Bars of 500 and 1000 gram silver are seen in this picture illustration at a precious metal refinery in Istanbul July 26, 2011
© Reuters

The revolution in ethical gold and diamonds is about to encompass silver.

Ethically sourced and environmentally sensitive precious stones and metals have seen a steady rise in global demand since the turn of the millennium.

A Fairtrade scheme for gold gained traction in 2011, and last year a Fairtrade silver scheme was launched in the UK.

Many jewellers have switched to silver from traceable sources and away from the largely unregulated, artisanal mining industry or suppliers using environmentally unsound methods of extraction.

But ethical silver is still in gold’s shadow, despite efforts by the Fairtrade Foundation and the Alliance for Responsible Mining to boost traceable metals, says Greg Valerio, founder of Cred, an ethical jeweller.

The sticking-point is cost.

Most artisanal miners are not environmentally conscious, largely because silver is relatively cheap. They make what little money they can from gold and, because silver is a byproduct of gold mining, it is difficult to persuade them to adopt cleaner, more costly processes.

The supply chain, too, is tarnished, Mr Valerio says. The price of silver, currently $19.4 a troy ounce, is still far below gold, whose lustre diminished over 2013 but is still priced at $1,226.2 an ounce. Why pay more to source and import ethical silver when margins are already tight?

There is also a lack of awareness among consumers about the importance of buying sustainable silver.

Alan Frampton, who bought Cred from Mr Valerio in 2009, says he is surprised that buyers are discerning about the provenance of their food but not their jewellery. He is hoping to lead by example: “We want to know where our silver has come from, especially as mining is still a dirty business.”

Slowly, Fairtrade is helping producers improve the way they extract and purify silver. Mr Valerio says: “In 2004, I visited Oro Verde, a pioneering small-scale mining initiative in Colombia that does not use cyanide and has a traceable supply chain. This catalysed the launch of Fairtrade Gold.”
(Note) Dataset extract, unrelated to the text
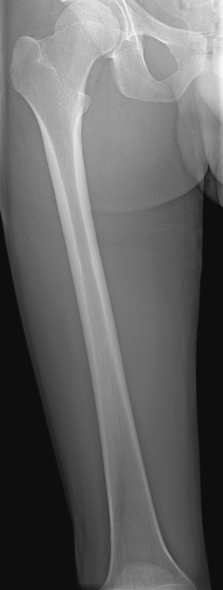 The X-ray beam is directed anteroposteriorly, perpendicular to the femur, and centered either on the midshaft or as two separate exposures (proximal and distal) if the entire femur cannot be included in one image. This view provides clear visualization of the femoral shaft, cortical bone, and adjacent joints, making it essential for detecting fractures, bone lesions, alignment abnormalities, and for postoperative follow-up in cases of femoral surgery or trauma.

From this scheme, which relies on panning and diving for sediment, have emerged four Latin American Fairtrade gold mines and nine African pilot projects producing both gold and silver. The hope is that Fairtrade mines will make it easier to source ethical silver while improving the lives of miners.

Ute Decker, the architectural jeweller, has used Fairtrade gold since 2011, but until recently could not find ethical silver – the closest alternative, she says, was a recycled material, although the traceability of the original pieces was questionable.

She is switching to Fairtrade. “It is much better to create an artisanal piece that has helped support other artisans,” she says.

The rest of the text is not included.